Fwiw, not only is there Scriptural support for Purgatory (e.g., 1st Cor 3:15, 2nd Macc 12:43), but sacred tradition and the earliest writers of the Church confirm it - St. Augustine, Tertullian, Cyprian, Clement of Alexandria. Sacred tradition is present in all churches, Catholics just acknowledge it and conserve it.
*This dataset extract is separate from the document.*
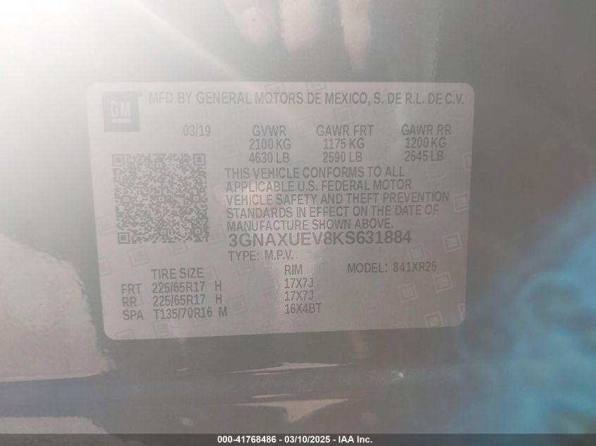 Color BlackCylinders 4Drive Full driveVIN 3GNAXUEV8KS******State Run & Drive VerifiedDamage Front or back AutoRIA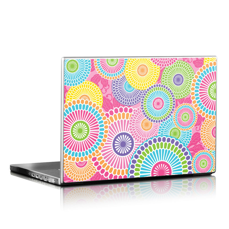 iStyles Universal Fit Laptop Skin design of Pattern, Circle, Textile, Design, Visual arts, Wrapping paper, with gray, pink, purple, orange, blue, green colors, and tagged with patterns, flowers.

And Purgatory does not conflict with salvation or the concepts of grace or faith -- it is simply a cleansing, the tree lies where it falls. Have you read C.S. Lewis's The Great Divorce? Splendid book with some very illuminating thoughts on heaven, hell, and purgatory -- and Lewis was an Anglican.
On my Catholic education:
8 years Catholic grade school
4 years Catholic high school
weekly CCD classes by quite conservative Novus Ordo RCC priest
parents subscribed to National Catholic Register, the Wanderer, Fidelity and The Remnant, and I read them while growing up
my parents fought the Novus Ordo modernism tooth and nail and are now in the SSPX - I would politiely challenge you to ask them if they considered me to be inadequately catechized
I subscribed to Fidelity and Remnant in undergrad college and never stopped contending against modernism in the Catholic Church
Yes, on 1 Cor 3:15 and Maccabees, I was thoroughly catechized in those passages. “And as it is appointed unto men once to die, and after this the judgment.” Heb 9:27
I got saved when God convinced me that only Christ’s death is acceptable as full payment for my sin.